Not sorted numeric doc values

(Paweł Róg) #1

Is there any chance to store floating point numeric doc values in not sorted version?

To give you a little background: I send documents to ES and they have a field which is a vector of floats. Later I use these float values in a script (scoring). The order of float values in vector matters but in my script function, I always get values which are sorted. I quickly scanned ES code and saw many places where Sorted DV are used. Is there any way to change this behavior? Of course, I could use binary data but this will not be convenient because it will be like reinventing a wheel.

Thanks :slight_smile:

(Zachary Tong) #2

Unfortunately, there's no way to opt out of sorted doc values. The sorting is done to help compression (when sorted, the values delta-compress better).

There are three workarounds, but none are great. The first is to access the document's _source, which gives you access to the original JSON. Unfortunately, the source has to be loaded off disk and decompressed for each document... it'll be a lot slower than doc values.

The second option is to store the values in a nested field, where each value is a different "nested document". This maintains order but isn't really useful from a script.

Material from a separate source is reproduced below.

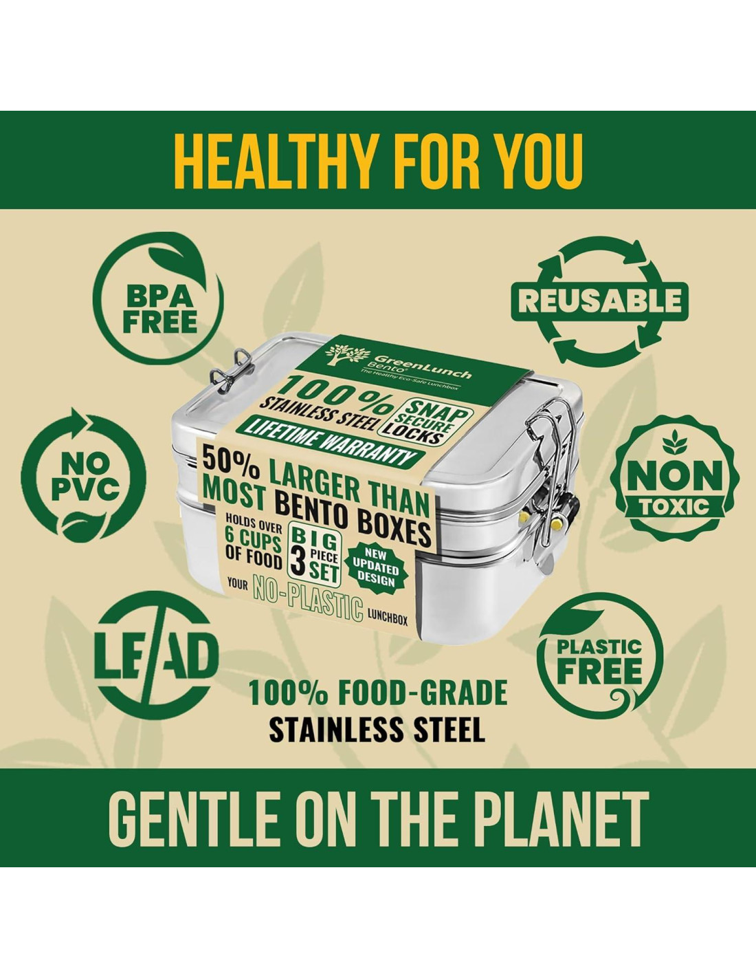 - NUEVO (2023) DISEÑO RESISTENTE A GRIETAS: Lo has pedido, y lo hemos entregado; una caja bento de acero inoxidable que sostendrá tus almuerzos favoritos sin dividirse en las esquinas. Le hemos dado al original GreenLunch Bento un gran cambio; ahora puede contener tus almuerzos perfectamente empacados y sin desperdicios para toda la vida - ¡sin agrietarse, nunca!

The last option is to store the vector in a string, and then just parse that string into numerics inside your script. It'll have a bit of overhead due to the string parsing, and won't compress as well in the index as a string vs. array of numerics... but you'll be able to retain ordering.

(Paweł Róg) #3

Thank you for your answer @polyfractal. I decided to use 4th version which I wanted to avoid but will be the fastest one: - binary doc values. Thank you very much once again :slight_smile:

(system) #4

This topic was automatically closed 28 days after the last reply. New replies are no longer allowed.